After the condition is confirmed, the purpose of investigation is to discover if there is systemic involvement and if there is an associated disease. As underlying causes are more common in adults, investigations are more appropriate in this group.

• Biopsy is the gold standard not only for diagnosis but also for detection of cutaneous vascular immune complexes by direct immunofluorescence.⁸A list of relevant differential diagnoses can be generated from:
  • The type of vessel disrupted by inflammation (small and/or muscular)
  • The distribution of vasculitis in the dermis and subcutis
  • The predominating inflammatory cell-type mediating vessel wall damage
  It is often omitted in children.
• FBC, ESR, blood chemistry and urinalysis are basic. ESR is often raised and complement is low.
• Stool should be tested for occult blood. Further examination of the gut may be required if occult bloods are positive.
• Autoantibodies and ASO titre should be taken.
• Of the various forms of hepatitis that should be considered, hepatitis C is the most important.
• Positive rheumatoid factor may suggest possible cryoglobulinaemia.
• IgA levels are often raised in Henoch-Schonlein purpura.
• CXR may be carried out as part of the examination of the chest.

If there is an underlying cause that has been established, it needs to be managed.
If a drug is implicated, its discontinuation usually results in resolution in around 2 weeks.

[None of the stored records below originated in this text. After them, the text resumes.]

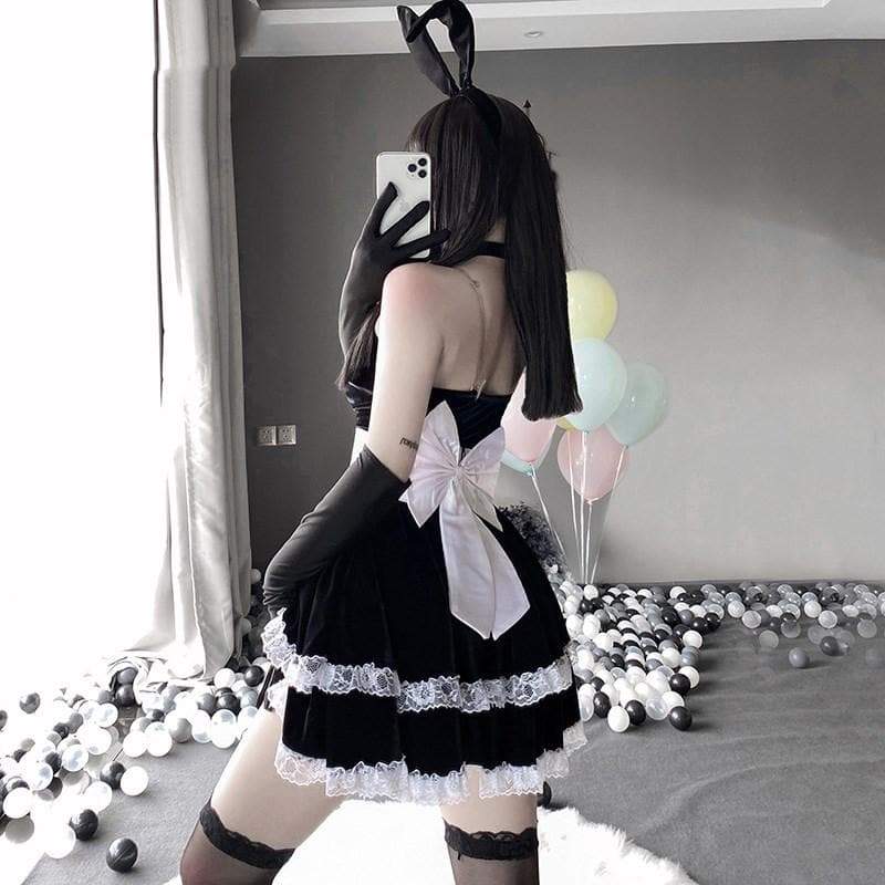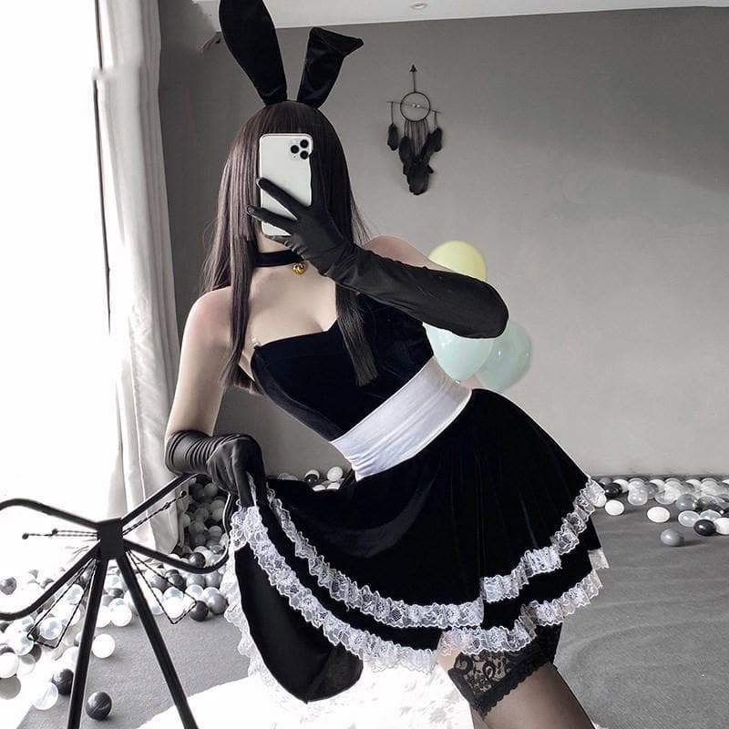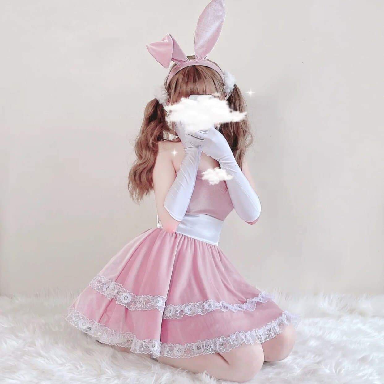 Cute Pink/Black Lovely Sweet Rabbit Maid Cosplay Suit Set SS2003
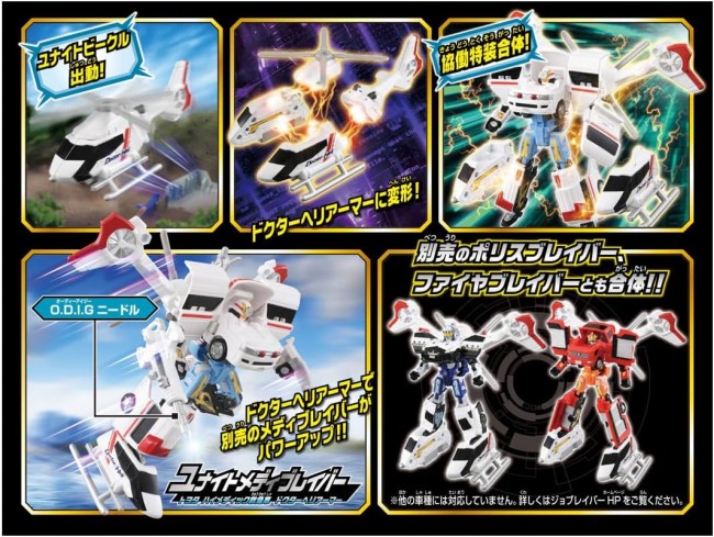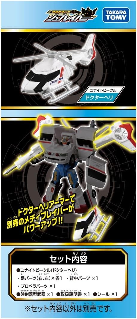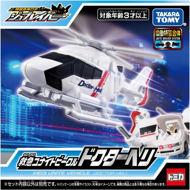 A new vehicle “First Aid Unite Vehicle Doctor Heli” that combines with MediBraver will appear from “Special Combination Robot Job Braver” starting July 6! The “First Aid Unite Vehicle Doctor Heli” combines with Medibraver to become the first aid robot “Unite Medibraver”! Combines with Job Reavers just like in the cartoon! Protect the city with the Job Reavers (sold separately)! This product can be combined with TJB01, TJB02, and TJB03, which will be released in June 2025. This product can be combined with TJB01, TJB02, and TJB03, which will be released in June 2025. Set includes: Unite Vehicle (Dr. Helicopter) leg parts (left) (1), Unite Vehicle (Dr. Helicopter) leg parts (right) (1), Unite Vehicle (Dr. Helicopter) back parts (1), Unite Vehicle (Dr. Helicopter) propeller parts (1), syringe-type weapon (1), stickers (1), instruction manual (1) instruction manual(1) (C) TOMY
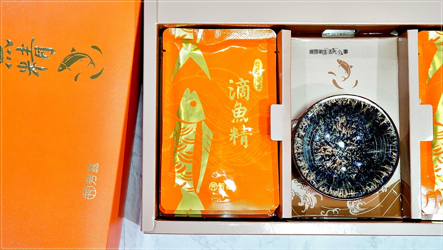 日月養生滴魚精禮盒款,6入滴魚精+天目釉品茗杯,自用或是送禮都很大方!!
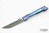 The Onna-Bugeisha (OB) Flipper is sleek and simple, but with a complex 6 face grind with fuller.  It is a modern take on your soldier’s pocketknife.  It is a pleasure to hold and use.  The Blade is M390 high grade knife steel and the handles are smooth flamed Titanium. Comes with original box. New from maker.
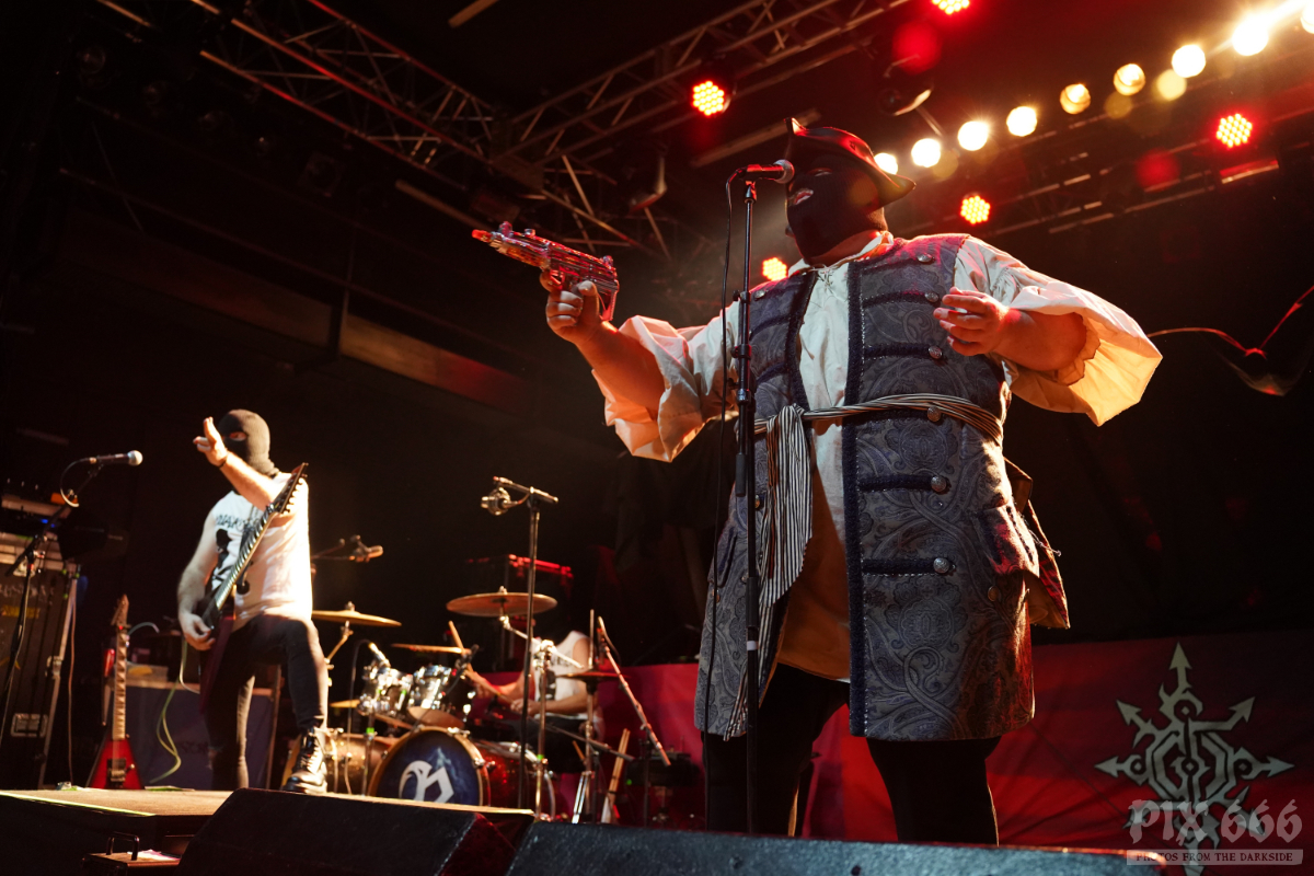 Los ging es mit der Band Rumahoy – die mit Masken gekleideten Musiker um den mächtigen Captain Yarrface am Mikrofon legten gleich richtig gut los und sorgten für tolle Stimmung. ‚Cowboys Of The Sea‘ vom aktuellen 2019er Album ‚Time II: Party‘ war der erste Song des Abends.
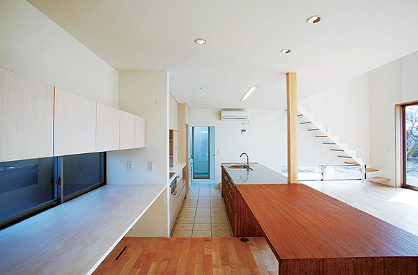 將廚房離開牆壁設置成中島,這樣動線就不會有死角。如果是要跟孩子一起做料理,多人作業時會相當方便。若想要有開放式廚房,卻又擔心煮菜的油煙跟味道,可以將瓦斯爐等器具設在靠牆的位置,水槽則設在中島上。

• As the legs are most commonly affected, elevation of the legs or compression stockings may be of value. Avoiding standing, cold temperatures and tight fitting clothing is also advised.
• If there is a personal or family history of allergy, perhaps with immune complexes and complement consumption, an elimination diet may identify offending food or additives with long term benefit.⁹
• If only the skin is involved with no systemic involvement, colchicine and dapsone have been recommended in the past, but data supporting their efficacy is lacking.¹⁰
• Antihistamines may help pruritus. Sometimes the older, sedating ones, are better. NSAIDs are sometimes beneficial.
• The first-choice agents for mild recurrent disease are colchicine, dapsone, and prednisolone.¹¹
• If there is severe systemic involvement, high dose steroid may be required. In addition immunosuppressive drugs such as azathioprine, cyclophosphamide and methotrexate may be required.
• Plasmapheresis/plasma exchange and intravenous immunoglobulin are potential therapies for refractory disease.
• The new treatments that work via cytokine blockade or lymphocyte depletion such as tumor alpha inhibitor infliximab and the anti-B-cell antibody rituximab, are showing benefit in certain vasculitic conditions, and may also be options for the future.¹²

The majority of cases are short-lived; in one paper around 60% of patients had symptoms resolving in less than 3 months.²The outlook will depend on the underlying cause.⁷ If none is found and only skin and joints are affected, the prognosis is good although recurrence is not uncommon.¹³

• Paraesthesia, fever, and absence of painful lesions have been found to be risk factors for systemic involvement.
• Cryoglobulins, arthralgia, and normal temperature are risk factors for chronic cutaneous disease.¹⁴
• Where the vasculitis presents on a background of Wegener's granulomatosis, polyarteritis nodosa, Churg-Strauss syndrome, or severe necrotizing vasculitis, it can be fatal. Steroids and immune modulators may be life saving.